URL: https://gcc.gnu.org/viewcvs?rev=265821&root=gcc&view=rev
Log:
combine: Don't make an intermediate reg for assigning to sfp (PR87871)

The code with an intermediate register is perfectly fine, but LRA
apparently cannot handle the resulting code, or perhaps something else
is wrong.  In either case, making an extra temporary will not likely
help here, so let's just skip it.


	PR rtl-optimization/87871
	* combine.c (make_more_copies): Skip if dest is frame_pointer_rtx.

Modified:
    trunk/gcc/ChangeLog
    trunk/gcc/combine.c
Comment 2 Martin Liška 2018-11-20 08:50:07 UTC
Segher: Can the bug be marked as resolved?
Comment 3 Segher Boessenkool 2018-11-20 12:46:22 UTC
I don't know, this is up to the arm people.  I don't know if all problems
reported here are fixed now.
Comment 4 Christophe Lyon 2018-11-20 15:11:01 UTC
As of r266293, the following regressions reported here are still failing:
FAIL: gcc.dg/ira-shrinkwrap-prep-1.c scan-rtl-dump pro_and_epilogue "Performing shrink-wrapping"
FAIL: gcc.target/arm/addr-modes-float.c scan-assembler vst3.8\t{d[02468], d[02468], d[02468]}, \\[r[0-9]+\\]!
FAIL: gcc.target/arm/armv8_2-fp16-move-1.c scan-assembler-times strh\\tr[0-9]+ 2
FAIL: gcc.target/arm/armv8_2-fp16-move-1.c scan-assembler-times vst1\\.16\\t{d[0-9]+\\[[0-9]+\\]}, \\[r[0-9]+\\] 2
Comment 5 Segher Boessenkool 2018-11-20 15:30:56 UTC
The first one just needs an xfail.  I don't know if it should be *-*-* there
or only arm*-*-* should be added.

The other two need some debugging by someone who knows the target and/or
these tests.
Comment 6 Ramana Radhakrishnan 2018-12-14 09:43:37 UTC
(In reply to Segher Boessenkool from comment #5)
> The first one just needs an xfail.  I don't know if it should be *-*-* there
> or only arm*-*-* should be added.
> 
> The other two need some debugging by someone who knows the target and/or
> these tests.

for the addr-modes-float.c case there are additional vmov's being generated and thus is certainly a regression. 

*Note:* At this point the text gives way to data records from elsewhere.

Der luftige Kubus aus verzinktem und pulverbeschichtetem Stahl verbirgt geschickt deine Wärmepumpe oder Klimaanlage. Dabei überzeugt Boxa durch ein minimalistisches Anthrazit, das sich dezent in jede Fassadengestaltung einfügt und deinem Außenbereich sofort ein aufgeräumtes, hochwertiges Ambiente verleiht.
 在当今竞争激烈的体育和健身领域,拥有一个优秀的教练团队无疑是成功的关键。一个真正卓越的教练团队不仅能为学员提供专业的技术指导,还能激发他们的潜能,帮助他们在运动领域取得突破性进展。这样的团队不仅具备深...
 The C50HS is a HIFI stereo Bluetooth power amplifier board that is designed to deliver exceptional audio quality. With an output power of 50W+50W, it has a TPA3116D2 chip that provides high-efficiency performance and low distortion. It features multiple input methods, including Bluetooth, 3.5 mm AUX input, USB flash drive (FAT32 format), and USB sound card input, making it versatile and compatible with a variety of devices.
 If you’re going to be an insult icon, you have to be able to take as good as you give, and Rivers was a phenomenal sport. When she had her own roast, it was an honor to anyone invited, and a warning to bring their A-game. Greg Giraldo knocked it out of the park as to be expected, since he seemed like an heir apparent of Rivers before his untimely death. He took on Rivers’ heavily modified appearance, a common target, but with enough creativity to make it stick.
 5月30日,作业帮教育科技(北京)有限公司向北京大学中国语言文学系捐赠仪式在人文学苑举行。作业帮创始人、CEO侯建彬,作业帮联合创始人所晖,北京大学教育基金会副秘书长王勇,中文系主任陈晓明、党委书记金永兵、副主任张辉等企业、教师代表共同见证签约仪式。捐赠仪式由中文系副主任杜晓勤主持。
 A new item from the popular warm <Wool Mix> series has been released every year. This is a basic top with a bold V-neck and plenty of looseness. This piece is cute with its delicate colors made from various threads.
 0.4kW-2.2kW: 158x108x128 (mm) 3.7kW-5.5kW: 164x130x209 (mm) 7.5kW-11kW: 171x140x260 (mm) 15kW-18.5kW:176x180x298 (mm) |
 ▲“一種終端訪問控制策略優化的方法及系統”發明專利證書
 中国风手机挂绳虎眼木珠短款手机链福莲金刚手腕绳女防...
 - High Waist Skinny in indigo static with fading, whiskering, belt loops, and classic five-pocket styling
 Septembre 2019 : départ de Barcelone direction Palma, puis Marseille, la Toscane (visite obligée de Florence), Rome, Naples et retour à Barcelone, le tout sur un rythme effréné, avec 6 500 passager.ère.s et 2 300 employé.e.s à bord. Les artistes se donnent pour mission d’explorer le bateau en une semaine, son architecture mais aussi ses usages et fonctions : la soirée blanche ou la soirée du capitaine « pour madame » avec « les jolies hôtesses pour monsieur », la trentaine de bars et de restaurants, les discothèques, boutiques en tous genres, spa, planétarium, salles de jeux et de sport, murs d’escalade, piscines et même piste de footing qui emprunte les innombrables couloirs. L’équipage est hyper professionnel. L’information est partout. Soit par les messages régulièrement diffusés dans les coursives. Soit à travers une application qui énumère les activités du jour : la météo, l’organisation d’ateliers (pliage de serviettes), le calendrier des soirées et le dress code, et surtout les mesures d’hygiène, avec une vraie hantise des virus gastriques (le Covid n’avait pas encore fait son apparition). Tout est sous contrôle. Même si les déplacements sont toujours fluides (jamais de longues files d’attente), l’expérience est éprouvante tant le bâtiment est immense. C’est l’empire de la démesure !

--- 8.s	2018-12-14 09:41:04.367843079 +0000
+++ addr-modes-float.s	2018-12-14 09:40:39.907980812 +0000
@@ -139,10 +139,13 @@
 	@ args = 0, pretend = 0, frame = 0
 	@ frame_needed = 0, uses_anonymous_args = 0
 	@ link register save eliminated.
+	vmov	q8, q0  @ ti
 	mov	r3, r0
+	vmov	q9, q1  @ ti
 	add	r0, r0, #48
-	vst3.8	{d0, d2, d4}, [r3]!
-	vst3.8	{d1, d3, d5}, [r3]
+	vmov	q10, q2  @ ti
+	vst3.8	{d16, d18, d20}, [r3]!
+	vst3.8	{d17, d19, d21}, [r3]
Comment 7 Ramana Radhakrishnan 2018-12-14 09:44:04 UTC
Confirmed.
Comment 8 Wilco 2019-02-06 17:14:48 UTC
(In reply to Segher Boessenkool from comment #5)
> The first one just needs an xfail.  I don't know if it should be *-*-* there
> or only arm*-*-* should be added.
> 
> The other two need some debugging by someone who knows the target and/or
> these tests.

The previous code for Arm was:

	cbz	r0, .L5
	push	{r4, lr}
	mov	r4, r0
	bl	foo
	movw	r2, #:lower16:.LANCHOR0
	movt	r2, #:upper16:.LANCHOR0
	add	r4, r4, r0
	str	r4, [r2]
	pop	{r4, pc}
.L5:
	movs	r0, #1
	bx	lr

Now it fails to shrinkwrap:

	push	{r4, lr}
	mov	r4, r0
	cmp	r4, #0
	moveq	r0, #1
	beq	.L3
	bl	foo
	ldr	r2, .L7
	add	r3, r4, r0
	str	r3, [r2]
.L3:
	pop	{r4, lr}
	bx	lr

It seems shrinkwrapping is more random, sometimes it's done as expected, sometimes it is not. It was more consistent on older GCC's.
Comment 9 Richard Earnshaw 2019-04-05 10:32:33 UTC
(In reply to Wilco from comment #8)
> (In reply to Segher Boessenkool from comment #5)
> > The first one just needs an xfail.  I don't know if it should be *-*-* there
> > or only arm*-*-* should be added.
> > 
> > The other two need some debugging by someone who knows the target and/or
> > these tests.
> 
> The previous code for Arm was:
> 
> 	cbz	r0, .L5
> 	push	{r4, lr}
> 	mov	r4, r0
> 	bl	foo
> 	movw	r2, #:lower16:.LANCHOR0
> 	movt	r2, #:upper16:.LANCHOR0
> 	add	r4, r4, r0
> 	str	r4, [r2]
> 	pop	{r4, pc}
> .L5:
> 	movs	r0, #1
> 	bx	lr
> 
> Now it fails to shrinkwrap:
> 
> 	push	{r4, lr}
> 	mov	r4, r0
> 	cmp	r4, #0
> 	moveq	r0, #1
> 	beq	.L3
> 	bl	foo
> 	ldr	r2, .L7
> 	add	r3, r4, r0
> 	str	r3, [r2]
> .L3:
> 	pop	{r4, lr}
> 	bx	lr
> 
> It seems shrinkwrapping is more random, sometimes it's done as expected,
> sometimes it is not. It was more consistent on older GCC's.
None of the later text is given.